Komponen utama SIG dapat dibagi dalam tiga komponen, yaitu : 1)
komponen keras, meliputi peralatan pemasukan data, peralatan untuk menyimpan
dan pengolahan, dan peralatan mencetak hasil, 2) komponen perangkat lunak,
meliputi persiapan dan pemasukan data, manajemen, penyimpanan, dan
pemanggilan data, manipulasi data dan analisis, dan pembuatan produk SIG, dan
3) komponen organisasi. Keuntungan memakai SIG adalah kemampuannya dalam
memelihara data dalam bentuk digital. Data ini lebih padat dibanding dalam
bentuk peta, cetak, tabel atau bentuk konvensional lainnya. Dengan dipakainya
sistem komputer maka bila diperlukan, data dalam jumlah besar dapat dipanggil
dengan kecepatan yang jauh lebih tinggi dan biaya per unit yang lebih rendah dari
cara manual.
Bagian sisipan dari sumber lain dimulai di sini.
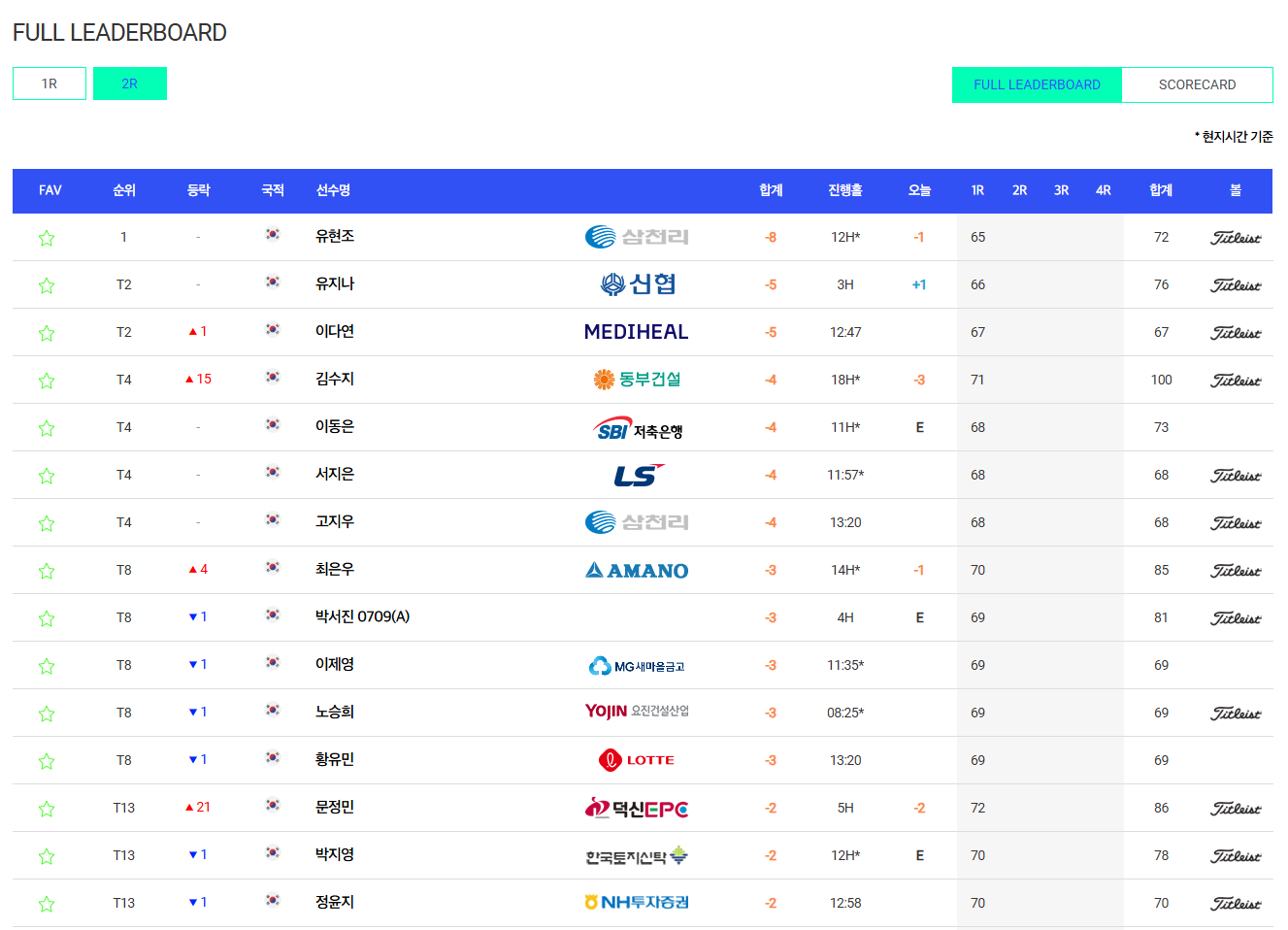 - 유지나 : 보기 없이 버디 6개, 6언더파로 단독 2위! 작년 드림투어에서 돌아와 큰 활약을 예고했습니다.
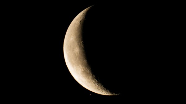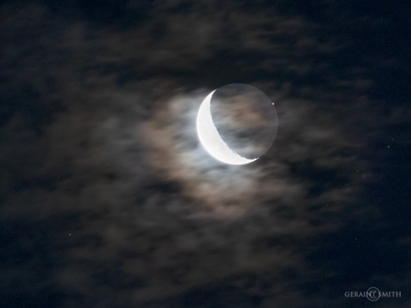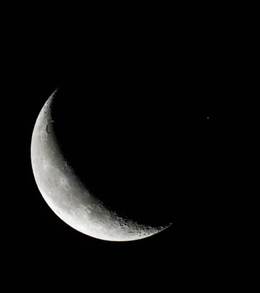 На цій фотографії планета виглядає як маленька оранжева цятка, яка ледь торкається нижнього освітленого краю Місяця.
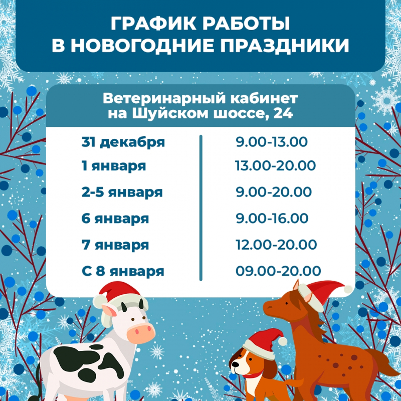 Опубликован режим работы веткабинетов Петрозаводска в новогодние праздники
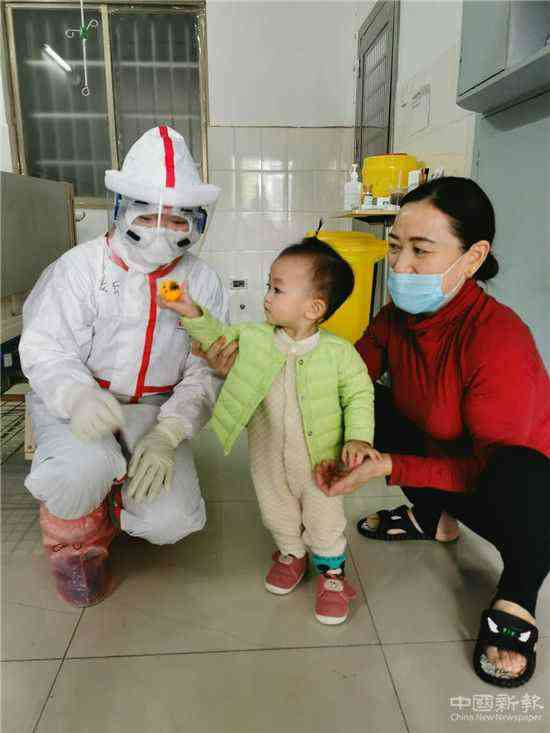 從接診后的交談中,我被這對年輕夫妻滿滿的正能量感動了,我心中的恐懼逐漸煙消云外,一邊和他們一起鼓勁加油,一邊為他們安排好病床,登記入院信息,測生命體征及SPO2……而此時的小兮兮,面對我們這群穿著防護服的阿姨,眼神中充滿了“敵意”!我立即把小兮兮當(dāng)成自己的寶貝,表演滑稽小動作逗著他樂。
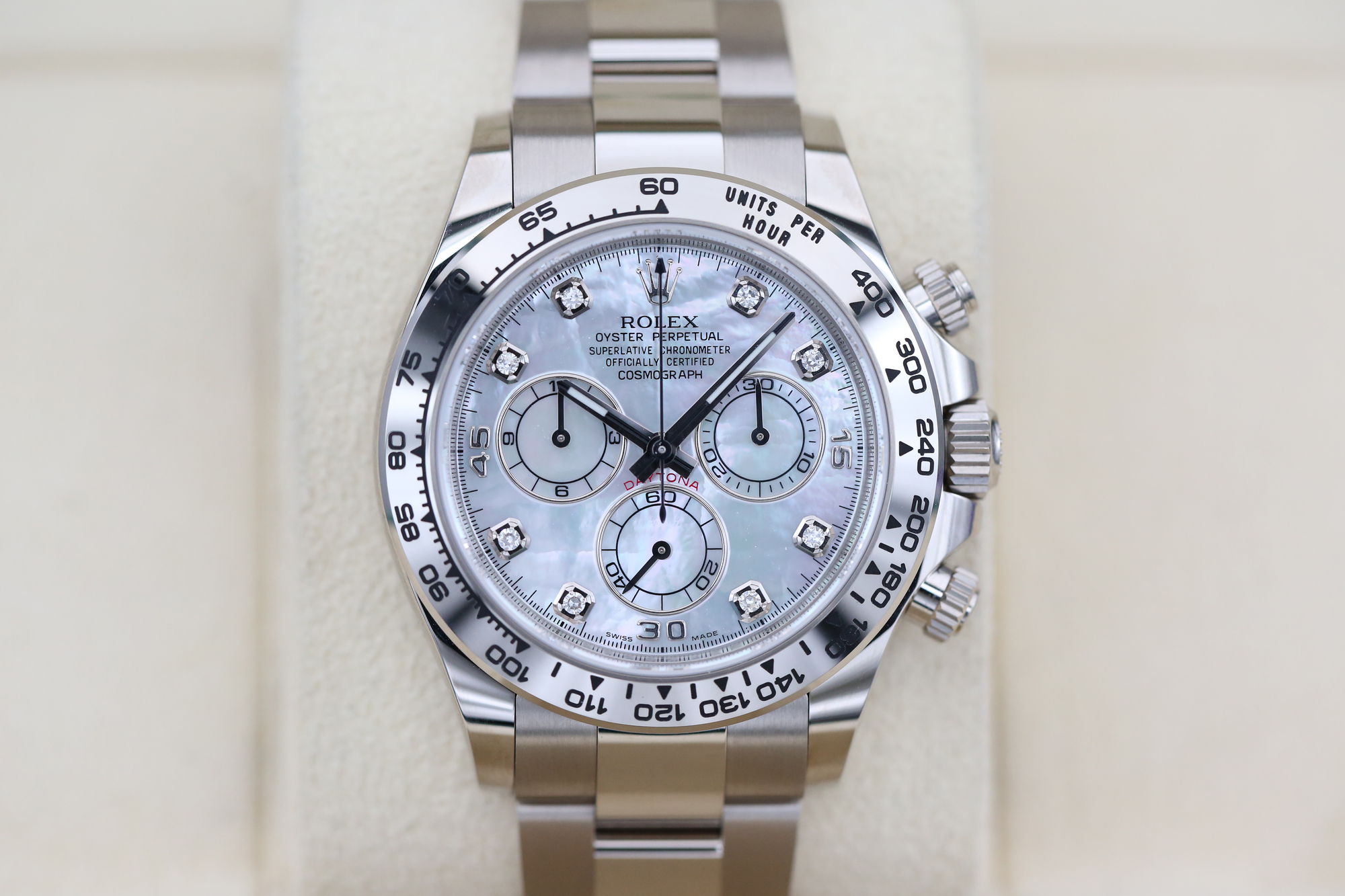 Here we have the Rolex Daytona Cosmograph- Mother of Pearl Diamond
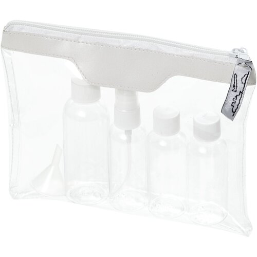 Für Flugreisen zugelassener Kulturbeutel, den Sie mit an Bord nehmen dürfen. Mit 2 x 50 ml Flaschen, 1 x 90 ml Flasche und 1 Zerstäuber und Trichter. Flaschen und Trichter im Kunststoffbeutel verpackt, werden getrennt vom Beutel geliefert. .
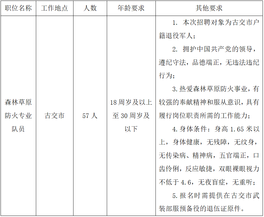 注:由于招聘的57名森林草原防火專業(yè)隊員從事高危行業(yè)的特殊性,要求招聘對象為男性。
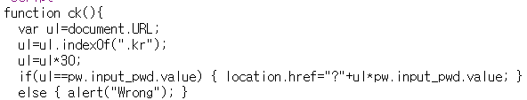 위 함수를 참고해서 소스코드를 번역해보면 .kr의 위치값을 ul에 저장하고 30을 곱하는데 그 값이 pw.input_pwd.value의 값과 같으면 문제가 풀리는 것 같다.
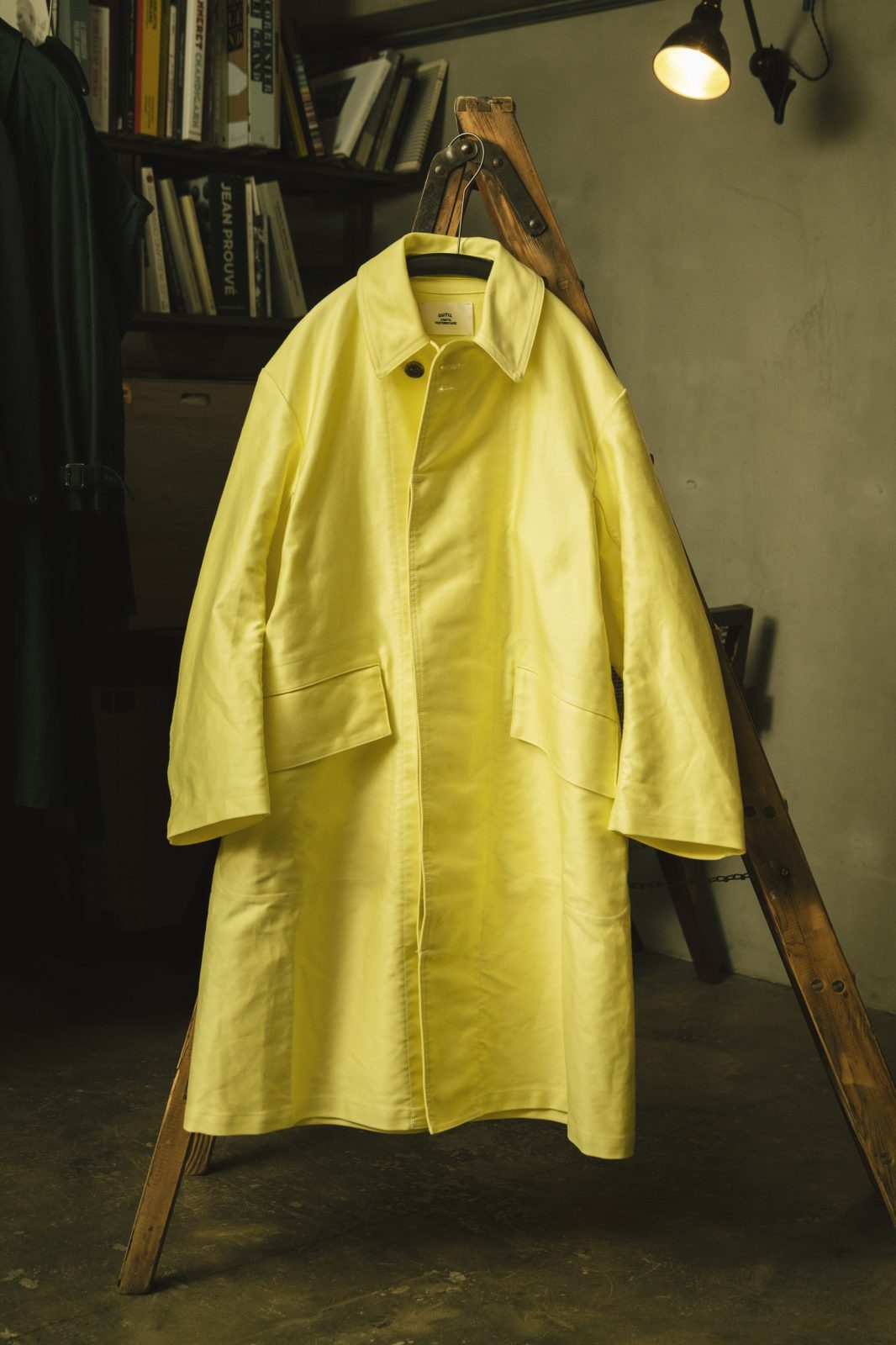 写真のアイテムは、1950年代の鉄道会社のコートを再構築したもの。レモンをイメージしたカラーリングのモールスキン生地が新鮮だ。
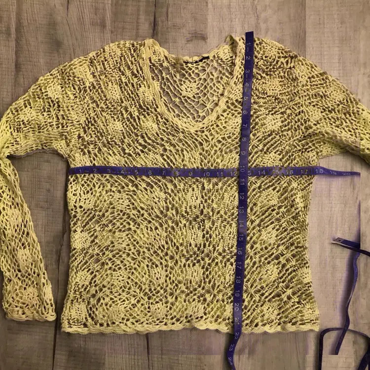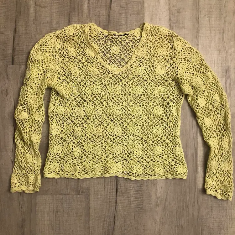 Crochet sheer top, open weave. Color is light yellow green. Bandeau underneath not included

Demikian pula dalam hal kemampuan memanipulasi data spasial dan
mengaitkannya dengan informasi atribut dan mengintegrasikannya dengan
berbagai tipe data dalam suatu analisis (Barus dan Wiradisastra, 2000).
Dalam hal pengintegrasian data penginderaan jauh ke dalam SIG, hal yang
perlu dipahami adalah SIG dapat bekerja dengan dua model data yaitu data raster
berupa grid atau pixel (picture element) contohnya citra satelit atau gambar/ citra
hasil scanning, dan vektor berupa titik, garis, polygon yang biasanya merupakan
hasil digitasi.
Sistem Informasi Geografis (SIG) menyajikan informasi keruangan beserta
atributnya terdiri dari beberapa komponen utama yaitu (Susanto, 1995) :
1) Masukan data merupakan proses pemasukan data pada komputer (dari
peta tematik seperti peta jenis tanah), data statistik, data hasil analisis
16
penginderaan jauh (data hasil pengolahan citra digital penginderaan
jauh), dan lain-lain.
2) Penyiapan data dan pemanggilan kembali ialah penyimpanan data pada
komputer dan pemanggilan kembali dengan cepat (penampilan pada
layar monitor dan dapat ditampilkan/ cetak pada kertas).
3) Manipulasi data dan analisis ialah kegiatan yang dapat melakukan
berbagai macam perintah (misalnya overlay antara dua tema peta, dan
sebagainya).
4) Pelaporan data adalah dapat menyajikan data dasar (database), data
hasil pengolahan data dari model menjadi bentuk peta atau data tabular.